** Supplied material follows **

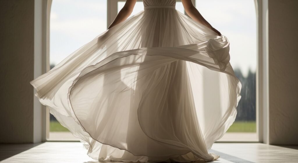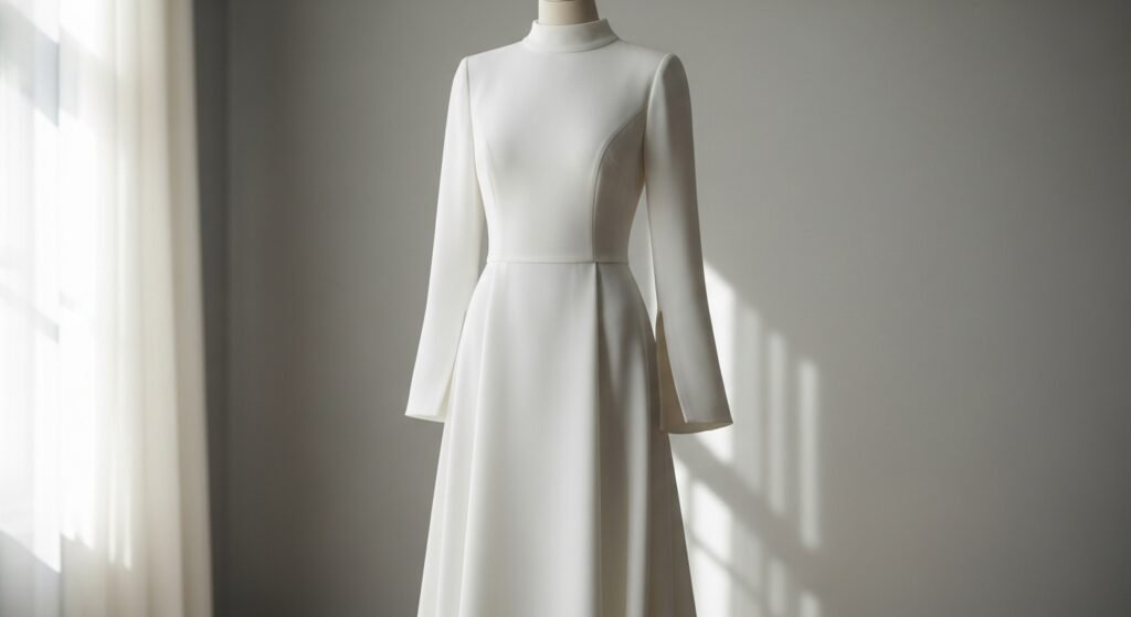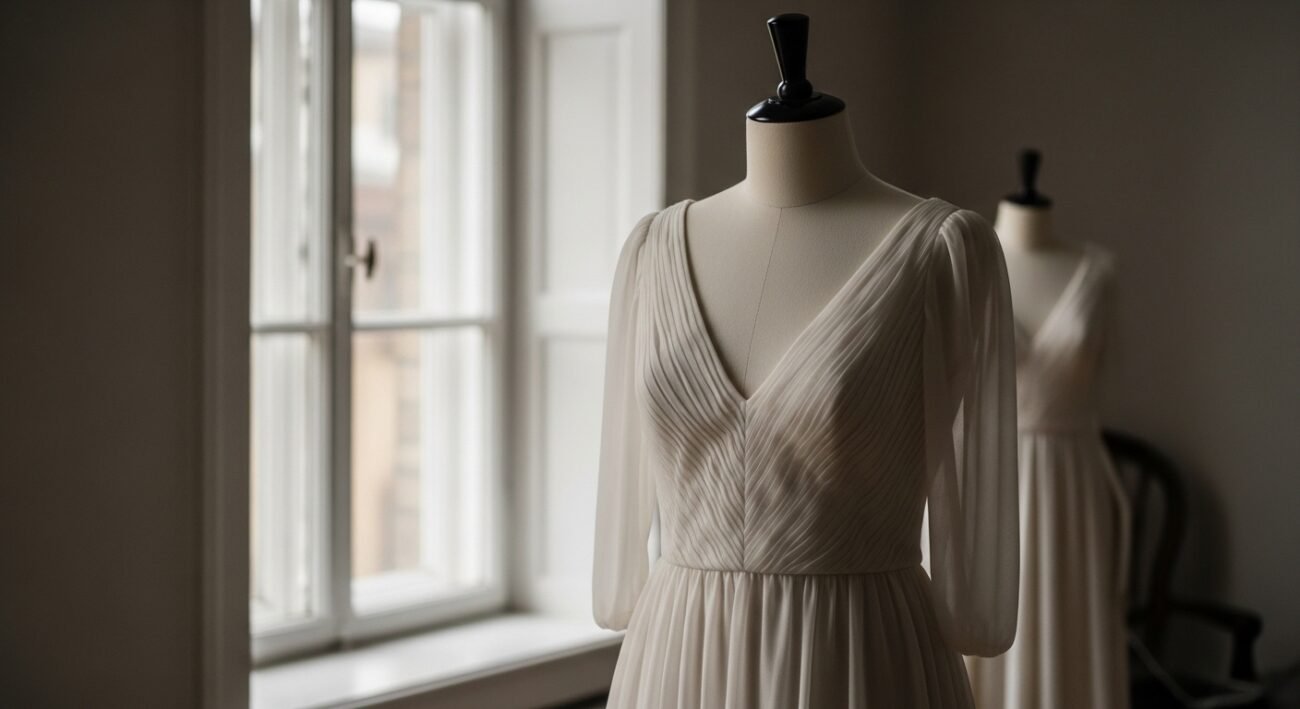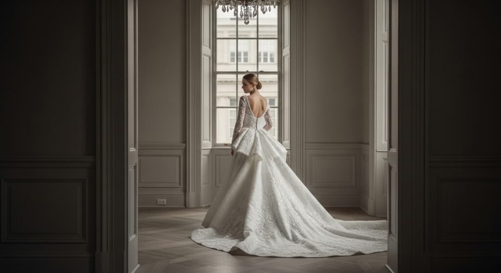 Shaped with care, this dress shifted the way wedding garments were made. Proportions mattered more when they made the person stand out, not vanish behind fabric.
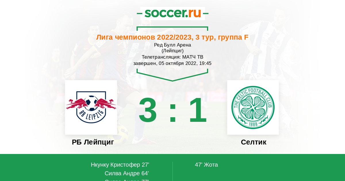 3 - го тура группового этапа Лиги Чемпионов УЕФА 22 23 между командами Ред Булл Лейпциг и Селтик Глазго , фаворитом на победу является команда хозяев Ред Булл Лейпциг.
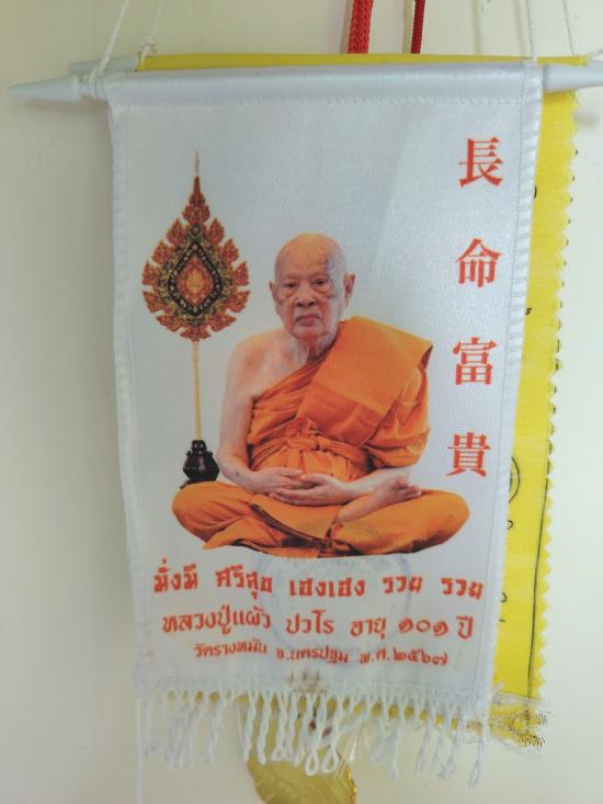 ผ้ายันต์แขวนหน้ารถ หลวงปู่แผ้ว วัดรางหมัน |
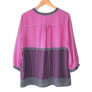 Casual, bright, 3/4 sleeve, semi-sheer blouse made by Willi Smith in size X-Large. Vibrant pink and dark blue geometric pattern with black and white accents. Split V-neck. Sleeves are loose fitting with a slight balloon style, and each have 1 button. Pintuck detail on the upper back adds light pleats (picture 7). 100% Polyester is lightweight and breathable. Flowy fit pairs with most bottoms from jeans to trousers. This fun top is perfect for casual outings or a day at the office. In EUC with no holes, snags, or stains. Bundle with other items for the best deal!

** End of Supplied material **

■ The task
What you return must match the lines from the top of the data through the line with "ผ้ายันต์แขวนหน้ารถ หลวงปู่แผ้ว วัดรางหมัน |" exactly, with the pictures removed.

■ Completed task
 Shaped with care, this dress shifted the way wedding garments were made. Proportions mattered more when they made the person stand out, not vanish behind fabric.
 3 - го тура группового этапа Лиги Чемпионов УЕФА 22 23 между командами Ред Булл Лейпциг и Селтик Глазго , фаворитом на победу является команда хозяев Ред Булл Лейпциг.
 ผ้ายันต์แขวนหน้ารถ หลวงปู่แผ้ว วัดรางหมัน |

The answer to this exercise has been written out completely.